March 6 (Bloomberg) -- The pound weakened the most in more than a month against the euro as European Central Bank President Mario Draghi raised forecasts for euro-area growth this year, boosting the relative allure of the shared currency.
U.K. 10-year bonds fell with German bunds. The pound depreciated against most of its 16 major peers, declining most against the Australian dollar, as the Bank of England kept interest rates at a record low. Policy makers held their bond-purchase stimulus target at 375 billion pounds ($628 billion) and said they would reinvest 8.1 billion pounds of funds related to the plan starting March 10.
“This is a pure euro story,” said Lee McDarby, executive director of U.K. corporate foreign-exchange sales at Nomura International Plc in London. “It certainly seems that sterling is an innocent bystander in this afternoon’s market volatility.”
The pound slid 0.7 percent to 82.73 pence per euro at 4:32 p.m. London time, the biggest decline since Feb. 3. The currency was little changed at $1.6738 after climbing to $1.6823 on Feb. 17, the strongest since November 2009.
The pound declined to the weakest since Feb. 12 versus the euro after the ECB raised its growth forecast for gross domestic product in the currency bloc to 1.2 percent from 1.1 percent predicted in December. ECB policy makers kept the key interest rate at a record low 0.25 percent today, disappointing 14 out of 54 analysts surveyed by Bloomberg News who predicted a cut.
The Bank of England’s decision to maintain the official bank rate at 0.5 percent was expected by all 52 economists in a separate Bloomberg survey. Analysts also forecast no change in the bank’s asset purchase plan.
The central bank said in a statement today it plans to reinvest 8.1 billion pounds “evenly across the three gilt-maturity sectors,” of three-to-seven years, seven-to-15 years and more-than-15 years in operations starting next week. The BOE said in its quarterly Inflation Report last month it intends to maintain the stock of purchased assets at least until the first increase in its benchmark rate.
The U.K. government has more than 35 billion pounds of 2.25 percent bonds maturing tomorrow, data compiled by Bloomberg show. The Bank of England’s holdings of the securities, purchased as part of the Monetary Policy Committee’s asset-purchase plan, have a face value of 8.2 billion pounds.
The 10-year gilt yield climbed five basis points, or 0.05 percentage point, to 2.77 percent. The 2.25 percent bond due in September 2023 fell 0.385, or 3.85 pounds per 1,000-pound face amount, to 95.71.
Germany’s 10-year yield climbed four basis points to 1.65 percent, leaving the extra yield investors demand to hold the U.K. securities over bunds little changed at 112 basis points today. The spread reached 113 basis points in January, the widest since October 2005, based on closing-market data.

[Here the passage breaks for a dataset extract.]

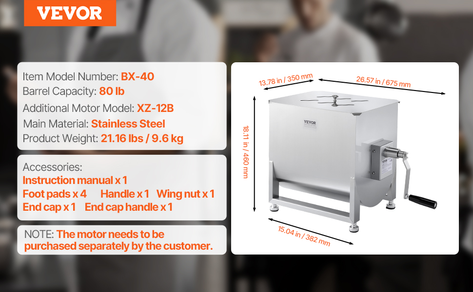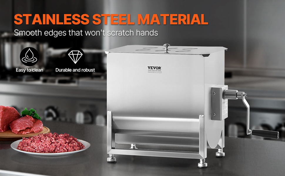 Mixér na mäso má nádrž s kapacitou 80 libier, ktorá je ideálna na mixovanie mäsa s omáčkami a korením. Možno ho použiť na výrobu klobás, iných pochúťok alebo dokonca na prípravu krmiva pre zvieratá.

Sterling has appreciated 13 percent in the past year, the best performer among 10 developed-nation currencies tracked by Bloomberg Correlation-Weighted Indexes, amid bets the central bank is moving toward raising interest rates. The euro advanced 7 percent, while the dollar slipped 0.5 percent.
“The pound may drift a little higher, but I wouldn’t want to be buying it,” said Jeremy Stretch, head of currency strategy at Canadian Imperial Bank of Commerce in London. “People are looking through the decision today and are considering the outlook for future policy.”
Gilts handed investors a loss of 1 percent in the 12 months through yesterday, according to Bloomberg World Bond Indexes. U.S Treasuries dropped 1.3 percent, while German securities returned 0.8 percent.